The voice was soft, unsure. Namjoon knew that it was incredibly late (or incredibly early, depending on which side of the clock you were looking at), and if Jungkook was still awake, something had to have been bothering him.
"Yeah, Kook. What's up?"
No immediate response. Namjoon turned the chair to see Jungkook standing in the doorway, fiddling with the hem of his shirt. From where Namjoon was sitting, it looked like the younger man had been crying. He looked like he was about to burst into tears right there. "Kookie, what's wrong?"
"I don't... I..." Jungkook trailed off. His face scrunched up in frustration, and a few tears leaked from his eyes unbiddingly. "God, I hate this."
"Hate what? Kook, I don't--"
"I hate not being good at words, hyung. You're good at words, I'm not, and I hate it. I can't say what I feel."
"Why do you need to say what you feel?" Namjoon asked.
"I hate not being able to say what I feel because I just? Don't know what this feeling is?" Jungkook blurted out and started featuring towards himself, "Because I know other people don't feel like this, like their body isn't their own. Like if I dig hard enough, I could fucking--shit, I don't know. Become someone new? The person who I'm meant to be? I guess? I'm just..." Jungkook's voice broke. "God, I'm such a freak."
"No, hyung. I am so tired. So. Tired." Jungkook's eyes were suddenly filled with both rage and resignation. "My skin always feels like it's too tight, and sometimes I feel like I should be doing all these things and feeling all these things that other people feel, that you feel, and God I can't. I can't do it. Every fucking time we do a romantic song, I get nauseous. And not because girls are 'gross' or whatever but because the concept of romance as we know it is? Gross to me? And I hate the clothes we wear and how tight they get, because..." Jungkook trailed off again. His eyes filled with tears again and he curled in on himself. "I hate that I'm a boy sometimes. But I don't think I'm a girl either, so I'm even more of a fucking freak."
Namjoon got off the chair, crossed the room, and kneeled down so he could make eye contact with the younger man. "Jeon Jungkook. Listen to me. You. Are not. A freak."
Jungkook burst into tears.
"No, listen. You're not a freak, and I hate how you somehow came to that conclusion. You are a smart, kind, sweet, and gentle person. I don't even have to kinkshame you at all, unlike some people in this apartment!" Namjoon added, which made Jungkook giggle wetly. "And, so what if you're not a boy? You're still a member of this group, and you're still my family. I'll just say you're my sibling instead of my brother." Namjoon straightened up a bit, and pulled Jungkook into a hug. "I still love you, Kookie. Even if your mind tells you otherwise, I'm telling you right now, that I still love you. And I am so honored that you came to me with this. And I'm not going to say some shit like "Oh, I knew all along!" or "Hate the sin, love the sinner" because I didn't know, and by saying the second one, I'm implying that other queer people don't deserve love and you're an exception, which isn't true." Namjoon pulled away from Jungkook to look him in the eyes again. "You're not an exception, Kook. You're a kid. Hell, I'm a kid.

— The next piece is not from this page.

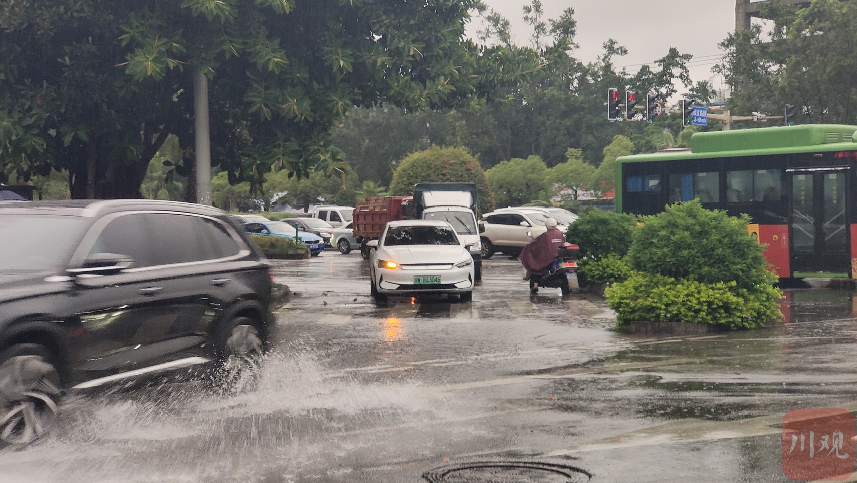9月12日上午,西昌街頭,汽車在雨中行駛。何勤華攝
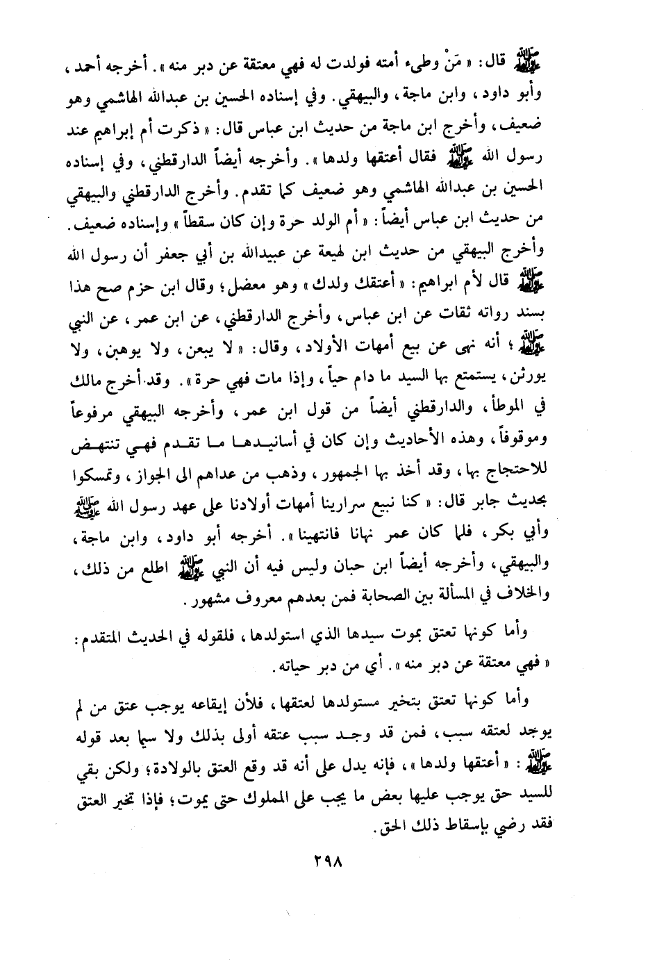 صلى الله عليه وسلم: "من وطئ أمته فولدت له فهي معتقة عن دبر منه" أخرجه أحمد وأبو داود وابن ماجه والبيهقي وفي إسناده الحسين بن عبد الله الهاشمي وهو ضعيف وأخرج ابن ماجه من حديث ابن عباس قال: ذكرت أم إبراهيم عند رسول الله صلى الله عليه وسلم فقال: أعتقها ولدها" وأخرجه أيضا الدارقطني وفي إسناده الحسين بن عبد الله الهاشمي وهو ضعيف كما تقدم وأخرج الدارقطني والبيهقي من حديث ابن عباس أيضا أم الولد حرة وإن كان سقطا" وإسناده ضعيف وأخرج البيهقي من حديث ابن لهيعة عن عبيد الله ابن أبي جعفر أن رسول الله صلى الله عليه وسلم قال لأم إبراهيم: "أعتق ولدك" وهو معضل وقال ابن حزم: صح هذا بسند رواته ثقات عن ابن عباس وأخرج الدارقطني عن ابن عمر عن النبي صلى الله عليه وسلم أنه نهى عن بيع أمهات الأولاد وقال: "لايبعن ولا يوهبن ولا يورثن يستمتع بها السيد مادام حيا وإذا مات فهي حرة" وقد أخرج مالك في المؤطأ والدارقطني أيضا من قول ابن عمر وأخرجه البيهقي مرفوعا وموقوفا وهذه الأحاديث وإن كان في إسانيدها ما تقدم فهي تنتهض للاحتجاج بها وقد أخذ بها الجمهور وذهب من عداهم إلى جواز وتمسكوا بحديث جابر قال: "كنا نبيع سرارينا أمهات أولادنا على عهد رسول الله صلى الله عليه وسلم وأبي بكر فلما كان عمر نهانا فانتهينا" أخرجه أبوداود وابن ماجه والبيهقي وأخرجه أيضا ابن حبان وليس فيه أن النبي صلى الله عليه وسلم اطلع على ذلك والخلاف في المسألة بين الصحابة فمن بعدهم معروف مشهور.

It would surprise me if you even had a semblance of understanding about yourself right now. And, yes, there are people your age that know themselves deeply, but you haven't really had the opportunity to explore your gender or your sexuality. And that's okay. It is totally okay to feel like this. And if you want to tell the others, great! I'll be right beside you. If you don't, that's okay too. Life is a fucking pile of garbage with good things between. You're still our Kookie."
Jungkook sobbed, burying his face in Namjoon's shoulder, crying out all the stress and the insecurities and the confusion that had been building up for years. They curled up together on the floor, Namjoon holding Jungkook through the emotional storm, acting as a lighthouse through the raging sea.